Government communications and public health messaging
25. Government communications with regard to dentistry – whether addressing the profession or the public - have been unacceptably poor. Messages have been late or open to interpretation. The result has been widespread frustration: dentists working against the clock following an eleventh hour call to reopen on 8th June, and patients left unclear on what levels of service they might be able to access.
26. Failure to manage patient expectations has been the single greatest criticism of the Government’s COVID record among dentists. 73% of practices surveyed UK-wide expressed dissatisfaction with the Government’s performance in this area, ahead all other measures, including PPE availability, access to financial support and quality of guidance.
27. Dentists remain justifiably troubled that they first heard the news about practices reopening on 8th June via a BBC news ticker during a Downing Street news conference. Subsequent official messages implied a return to “business as usual” that still remains far removed from reality. Similarly, clarity that practices could remain open during the second lockdown were not immediately forthcoming.
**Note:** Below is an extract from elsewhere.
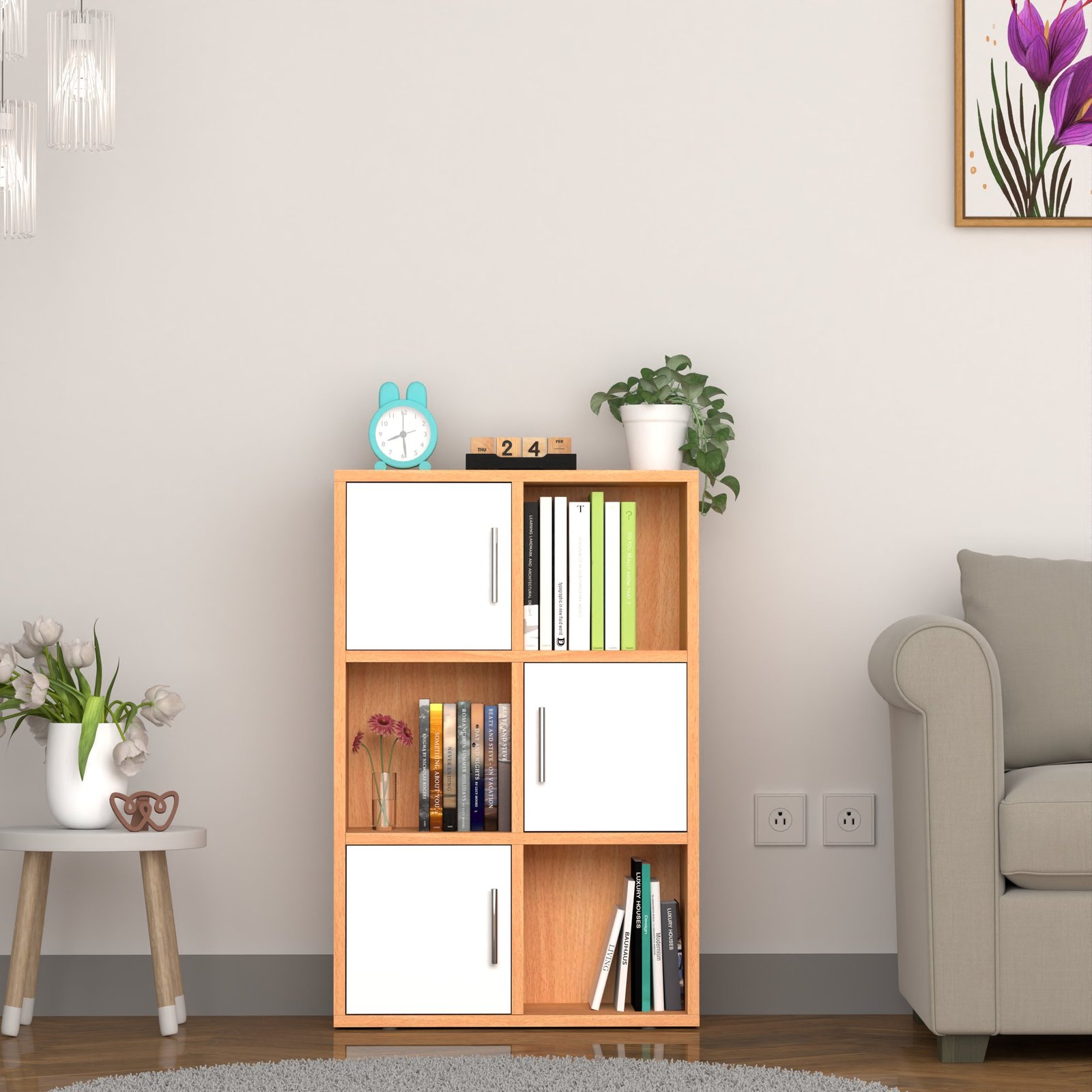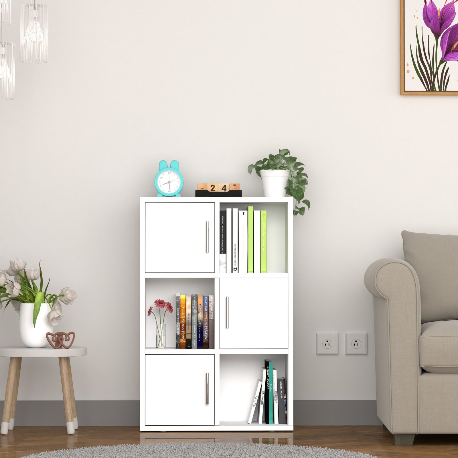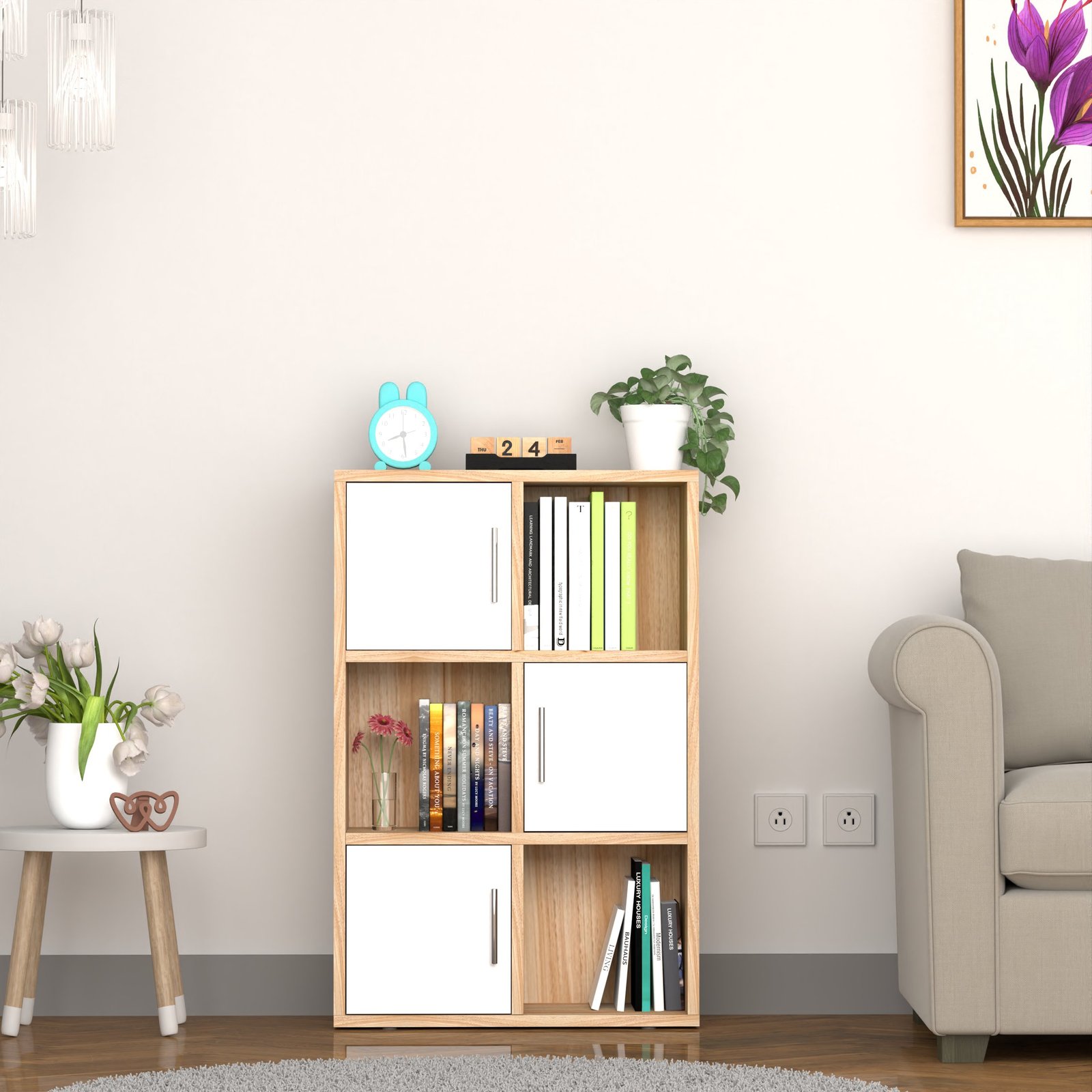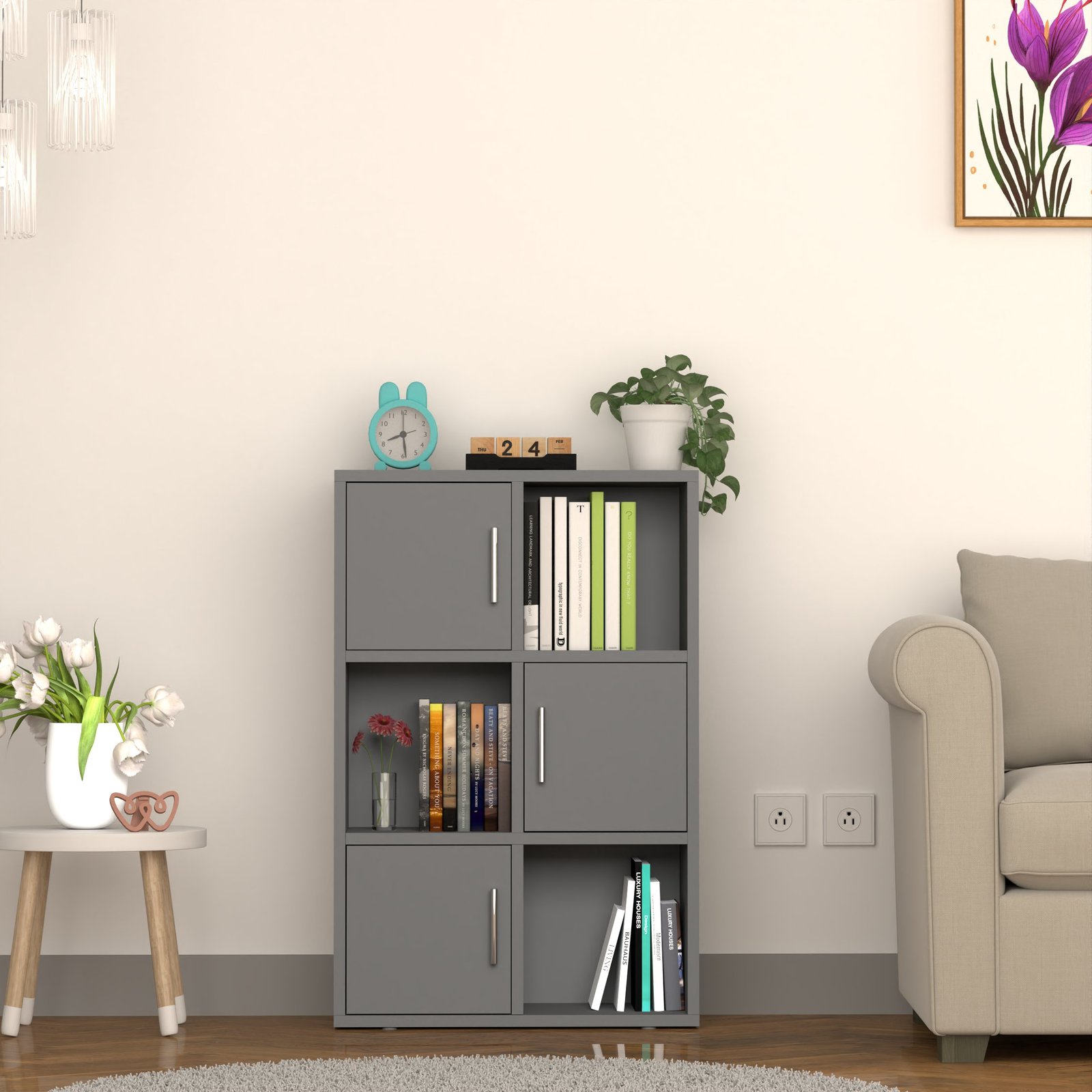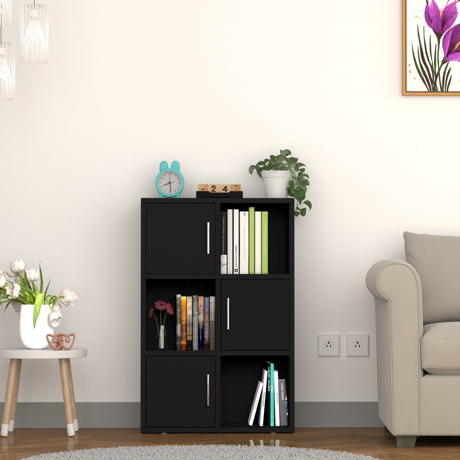 The unit includes six compartments—three open shelves and three enclosed cabinets. This setup offers flexible storage for books, documents, decorative items, and everyday essentials.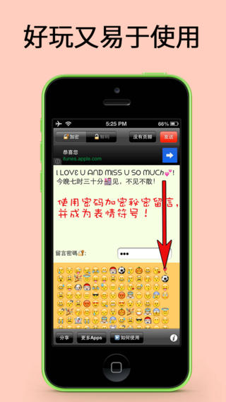 利用HideMessage 进行隐私聊天! 使用表情符号隐藏您的留言是保护您的留言的最佳方式! 秘密传讯从未如此有趣- 和丰富多彩! 特点 ► 利用 HideMessage 进行隐私聊天。 ► 使用直观的应用程序加密和解密讯息。 ► 设置密码的讯息:只有您的收件人才能解密密意! ► 这是非常有趣和易于使用的,并高度保密! ► 能使用Twitter,Facebook,微信和您最喜爱的应用程序进行隐私聊天! 我们都使用表情符号,但你知道它们也可以是另一个讯息的绝密代码?有了HideMessage,您可以在几秒钟内简单的写一个加密讯息并发送它。这个聪明和易于使用的应用程序会将它转换成表情符号。一旦您的的朋友或家人知道如何解码留言,他们可以很容易地使用留言密码和HideMessage应用程序将其解密。 这个有趣的,直观的应用程序是非常适合于使用在您告诉别人的闲话,重要新闻,故事,笑话或简单的东西,使用在任何你想成为绝密的讯息。所有你必须做的只是键入你的消息,设置一个密码和共享- 就像123一样简单! 秘密传讯从未如此有趣- 和丰富多彩! 你终于可以信心十足地确保窥探的眼睛将无法了解您的讯息聊天!他们不会意识到,有趣的表情符号实际上是绝密的讯息!

28. Going forward, and in any future pandemic, the Government has a duty to keep this profession in the loop.
The UK’s prior preparedness for a pandemic
29. Dentists alerted authorities to the shortage of key PPE in early February, as key supply chains from China began facing widespread disruption. While commercial UK suppliers were given access to strategic stockpiles, our concern that dentists would soon have to ‘down drills’ were viewed as an overreaction. Little over a month later that is precisely what transpired.
30. We welcome moves to create a more robust, home grown supply chain for PPE. Failure here in future would result in a return to an unacceptably limited urgent care model in any future pandemic.
The development of treatments and vaccines
31. Dentists welcome the prospect of a rapid rollout of a COVID vaccine, and the Joint Committee on Vaccination and Immunisation (JCVI) recommendation that all health professionals should be near the front of the queue for vaccination. That is a logical approach, which will support continuity in provision across healthcare services.
32. We remain concerned that dentists – in both NHS and private settings – will not be given priority, given that NHS contractors have been excluded from the free flu vaccination programme in England.
33. Given volunteers are being sought from among the workforce to deliver the vaccine, we need to avoid a surreal situation where dentists administering the vaccine will be ineligible to receive it.
34. Crucially, the failure to prioritise dental teams in the COVID vaccination programme will further hinder access to dental services for patients.